-
Bug
-
Resolution: Unresolved
-
Low
-
Code Generation Tools
-
CODEGEN-9439
-
-
default
-
This issue only applies to users who are manually programming the Matrix Multiply Accelerator (MMA) and are using the __HWA_LOAD_2REG intrinsic.
The Matrix Multiply Accelerator (MMA) paired with the C7120 CPU allows the user to send values into bias, scale, and shift registers within the MMA that affect the operation of the MMA.
The MMA will issue a hardware exception when more than one load of each of a bias, scale, or shift register pair is issued in a 24-cycle period.
A programmer who wants to load a value into the bias, scale or shift registers will use the __HWA_LOAD_2REG intrinsics in C/C++ code. The use of this intrinsic results in an HWAOPEN instruction with a special immediate operand (0x8, 0x9, 0xa, or 0xb) in the compiler-generated assembly.
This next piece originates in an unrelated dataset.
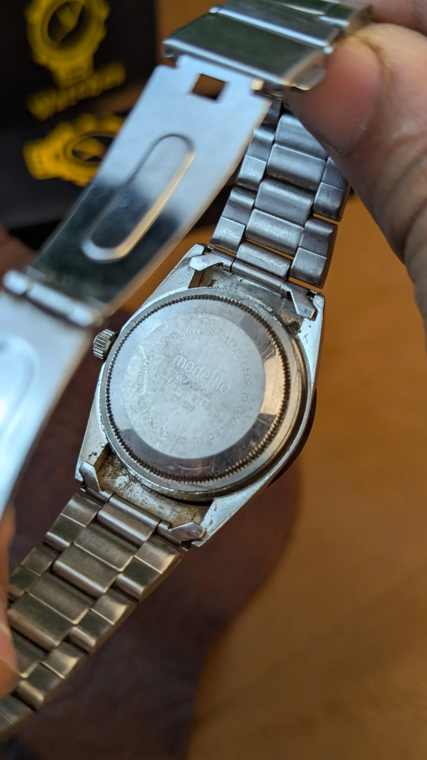 Built with a stainless steel case and bracelet, the watch provides durability and a comfortable wrist fit. The case back engraving indicates stainless steel construction and water resistance, making it suitable for regular use.

The C7000 compiler does not ensure that any two loads to the same MMA register pair do not execute within 24 cycles. Therefore, if the source code has two loads to the same MMA register pair, the compiler may produce code that results in the exception described above. This could also occur if a single load to an MMA register appears in a loop.
There are no plans to address this issue in the compiler.
The MMALIB software package that is delivered with the PSDK is tested to ensure that this condition does not occur.
Potential workaround:
The programmer can ensure that 24 cycles elapse in-between two loads to the same MMA register pair by placing the following C code in-between loads of the same MMA bias/scale/shift register pair:
__asm(" NOP 0x8 ; rate-limit MMA load bias/scale/shift pairs (8) ");
__asm(" NOP 0x8 ; rate-limit MMA load bias/scale/shift pairs (16)");
__asm(" NOP 0x8 ; rate-limit MMA load bias/scale/shift pairs (24)");
This technique may have undesirable performance effects.